MOTS-CLÉS : données de grande dimension, projection locale non linéaire, visualisation, exploration, point de vue,
Analyse en composantes curvilignes, placement d’objets dans un champ de forces, signature génomique,
bioinformatique.
1
Introduction
Les données de grande dimension posent des problèmes inhabituels d'analyse, étant donné que les
propriétés des espaces qui les contiennent ne sont pas nécessairement "évidentes". La notion de voisinage
en particulier doit être réexaminée pour tenir compte du nombre de dimensions. En particulier (notamment
dans le cas d'un espace euclidien), on est souvent confronté au problème de l'espace vide et de la
concentration de mesure : quand le nombre de dimensions est élevé, le voisinage immédiat d'une donnée
est très peu occupé tandis que la plupart des autres données se trouvent à des distances très comparables
de cette dernière. D'une manière générale, les distances entre données de grande dimension sont très
concentrées autour de leur moyenne.
L'exploration et l'analyse des données de grande dimension s'effectuent souvent à l'aide de méthodes de
réduction dimensionnelle. L'analyse en composantes principales (ACP), les techniques de
"multidimensional scaling" (MDS) [COX 94], les cartes de Kohonen (SOM) [KOH 97] sont des outils
classiques dans ce contexte. D'une manière générale, une fonction de coût (loss function) permet de
construire les règles de projection de l'espace original des données vers l'espace cible de dimension plus
faible. Pour les problèmes de classification, la conservation du voisinage apparaît un des aspects
importants à maîtriser. Dans ce travail, on présente une méthode de projection non linéaire de type MDS
dont le but explicite est de préserver "au mieux" le voisinage des données. On analysera ensuite les
conséquences de cette réduction de dimension pour un problème de classification de données de grande
dimension concernant les signatures génomiques.
2
Principes du modèle de réduction de la dimension des données
L'approche qui est présentée ici est du type MDS. Il convient donc de définir des métriques pour l'espace
d'origine des données et pour l'espace cible, une fonction de coût qui s'intéresse à caractériser l'erreur
réalisée lors de la projection des données, enfin un algorithme de projection. D'une manière générale, les
caractéristiques des données à analyser sont à prendre en considération pour choisir ces différents
éléments.
2.1
Métrique et fonction de coût
Les données d'études concernent la signature génomique. Cette dernière caractérise la molécule d'ADN
par 256 variables fréquentielles, définies sur un intervalle borné [0-1]. La signature génomique est
spécifique à chaque espèce vivante. Elle peut être obtenue à partir de l'examen d'une fraction relativement
faible du matériel génétique de l'espèce. En pratique, une séquence de 2000 nucléotides en donne une
bonne approximation. La métrique euclidienne permet de montrer des différences statistiquement
significatives entre les signatures génomiques des espèces [DES 99]. Cette métrique sera donc choisie
pour illustrer la méthode.
Pour définir la fonction de coût, on s'intéresse à l'ensemble des distances entre toutes les données (ou une
partie d'entre elles, voir étape d'initialisation, en 2.4), dans l'espace des données et dans l'espace cible. La
fonction de coût caractérise l'erreur de projection par les écarts entre distances entre objets mesurés dans
ces deux espaces. Cependant, pour préserver préférentiellement les distances concernant le voisinage
proche, une pondération est appliquée progressivement pendant la phase d'optimisation de la projection
pour réduire l'impact des erreurs liées aux grandes distances sur la construction locale de l'espace cible.

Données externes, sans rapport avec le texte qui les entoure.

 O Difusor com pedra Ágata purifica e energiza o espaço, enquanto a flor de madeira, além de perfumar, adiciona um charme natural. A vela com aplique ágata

Cette approche s'inspire des travaux de P. Demartines et J. Herault [DEM 97] ainsi que ceux de T.
Kohonen [KON 97].
2.2
Algorithme d'optimisation
En général la position optimale des données à projeter dans l'espace cible ne peut être obtenue de manière
analytique. Il faut mettre en oeuvre un algorithme de minimisation de fonction possédant des
caractéristiques de robustesse et de convergence reconnues. Classiquement, dans le contexte des MDS, on
utilise la méthode de Newton-Raphson généralisée, la méthode TABU Search [GLO 95], les algorithmes
génétiques [GOL 89], le recuit simulé [DOW 95]. Nous proposons de mettre en place une méthode
dynamique fondée sur le concept de « placement d’objets dans un champ de force » ("Force Directed
Placement" ou FDP) [FRU 91]. La méthode FPD, qui a été décrite au début des années 80, est très utilisée
par exemple pour déterminer de manière optimale la position des différents éléments d'un circuit imprimé
(VLSI). Elle est par contre peu connue dans le domaine de l'analyse de données. La métaphore peut être
explicitée de la manière suivante : Les données exercent des forces les unes sur les autres dont l’intensité
dépend de l’écart (pondéré) entre les distances entre elles dans l’espace d’origine et dans l’espace cible.

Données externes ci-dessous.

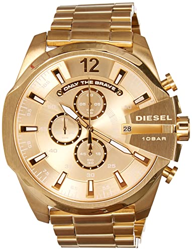 ✅Reloj DIESEL de hombre – Caja redonda de acero inoxidable (diám. 59 mm) con acabado pulido brillante y mate en color dorado – 10 ATM de resistencia a la presión del agua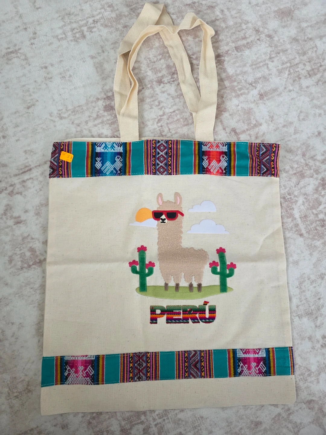 This is a canvas tote bag featuring a fun llama graphic wearing sunglasses with cacti and clouds. The word "PERÚ" is embroidered at the bottom. It has traditional woven trim along the top and bottom edges. It's perfect for carrying groceries or everyday essentials!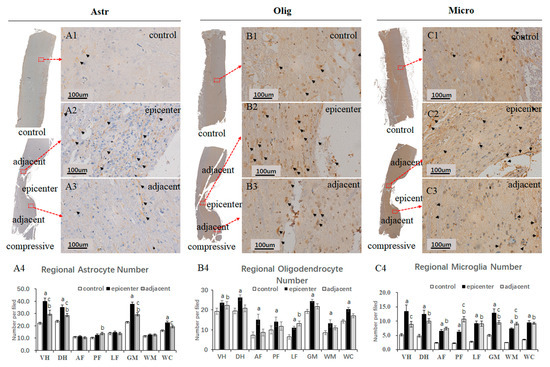 Neuroglial cells activation after chronic compression. Anti-GFAP, Anti-OLIG2 and Anti-AIF1/Iba1 antibody labeled astrocytes (A1–A3), oligodendrocytes (B1–B3) and microglial cells (C1–C3) in the control group, compressive epicenter and adjacent level, respectively. A large number of reactive astrocytes (A2, black arrowhead), oligodendrocytes (B2) and activated microglial cells (C2) were seen in the compressive epicenter. (A3) Milder increased activation of astrocytes (A3), oligodendrocytes (B3) and activated microglial cells (C3) were also seen in the adjacent level. Regional quantitative analysis of results demonstrated an increased number of astrocytes (A4), oligodendrocytes (B4) and microglial cells (C4) after compression, especially in the GM of the compressive epicenter, as well as the adjacent level. Regional number per field are presented as mean values ± SE for standardized ×20 microscopic fields (μm²). Note: a,b. compressive epicenter/adjacent level compared to control group; c, compressive epicenter compared with adjacent level (p < 0.01).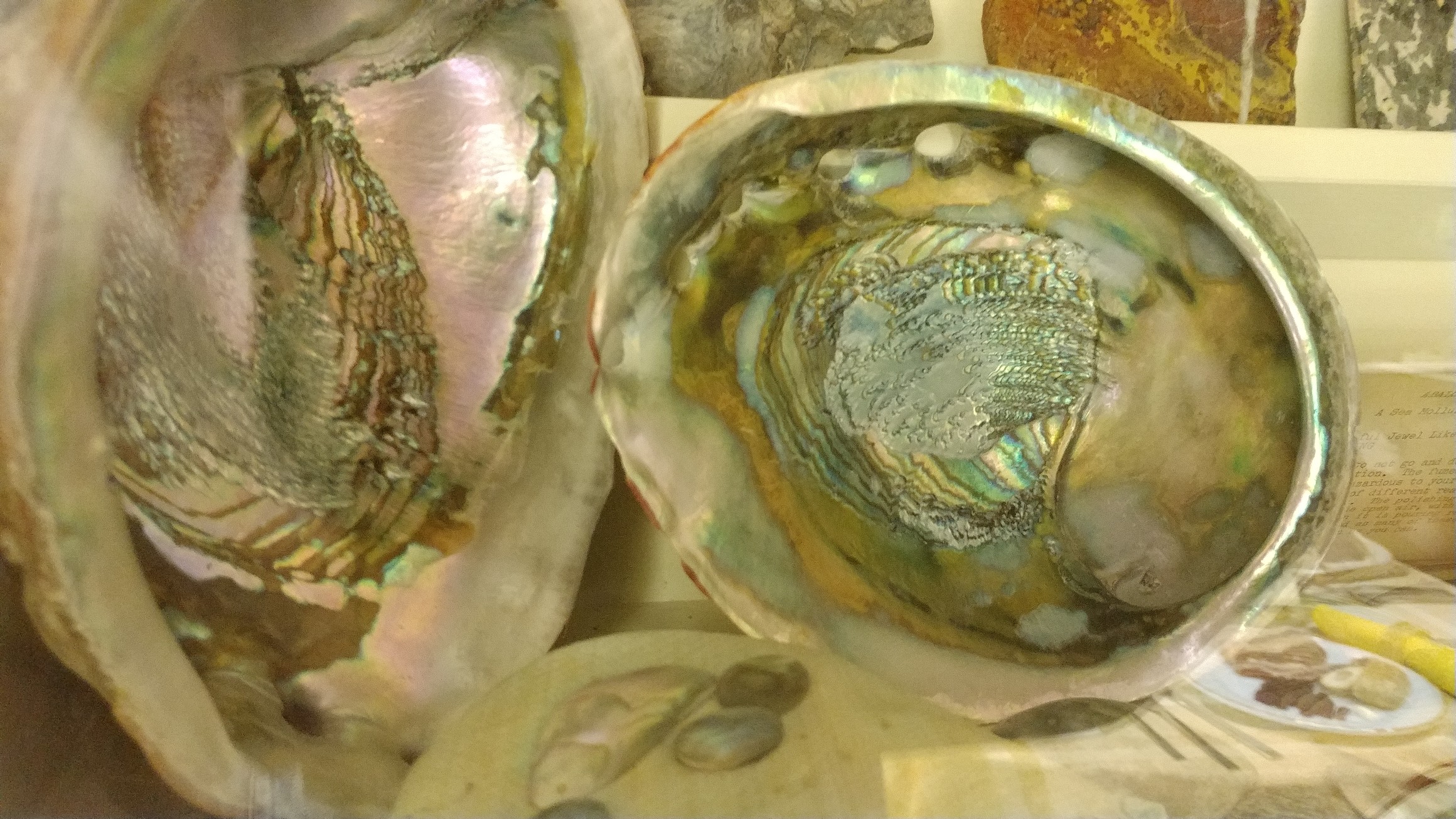 I really liked those rocks. I had found a couple on the beach with intricate striations, but what I found most interesting on the beach were small pieces of abalone shells. Larry had some whoppers:

Dans le cadre de notre implémentation, les forces sont générées par l’action de ressorts dont la longueur
au repos correspond à la distance entre les données qu’ils lient dans l’espace d’origine. A partir d'un état
initial où les données sont placées le plus judicieusement possible dans l'espace cible, le système converge
vers un état d'énergie minimum pour lequel les contraintes d'interaction entre les données sont satisfaites
au mieux. Cette approche est très intéressante dans le cas des MDS, étant donné sa vitesse de convergence
et ses possibilités à échapper aux minimums locaux.
Pour les problèmes de quelques milliers de données, il est possible de mettre directement en place la
procédure FDP pour le placement des données dans l'espace cible. Pour les problèmes de plus grande
dimension, il est souvent intéressant de sélectionner un certain nombre de données pour définir
grossièrement la topologie de l'espace d'arrivée, dans un premier temps. Les autres données sont ensuite
positionnées par rapport aux précédentes, en satisfaisant préférentiellement les contraintes locales. Nous
avons observé que cette approche hiérarchique de la projection est très efficace, surtout lorsque les
données initiales sont choisies après clustering.
2.3
Exemple de projection par la méthode FDP-MDS
Les données à projeter ont trois dimensions. Elles sont organisées en 2 boîtes cubiques avec un couvercle
ouvert ne pointant pas dans la même direction. La projection dans un espace à 2 dimensions par FDPMDS développe correctement les 2 boîtes et effectue une torsion de l'espace à grande échelle (Fig. 1). Les
relations de voisinage sont conservées de manière satisfaisante.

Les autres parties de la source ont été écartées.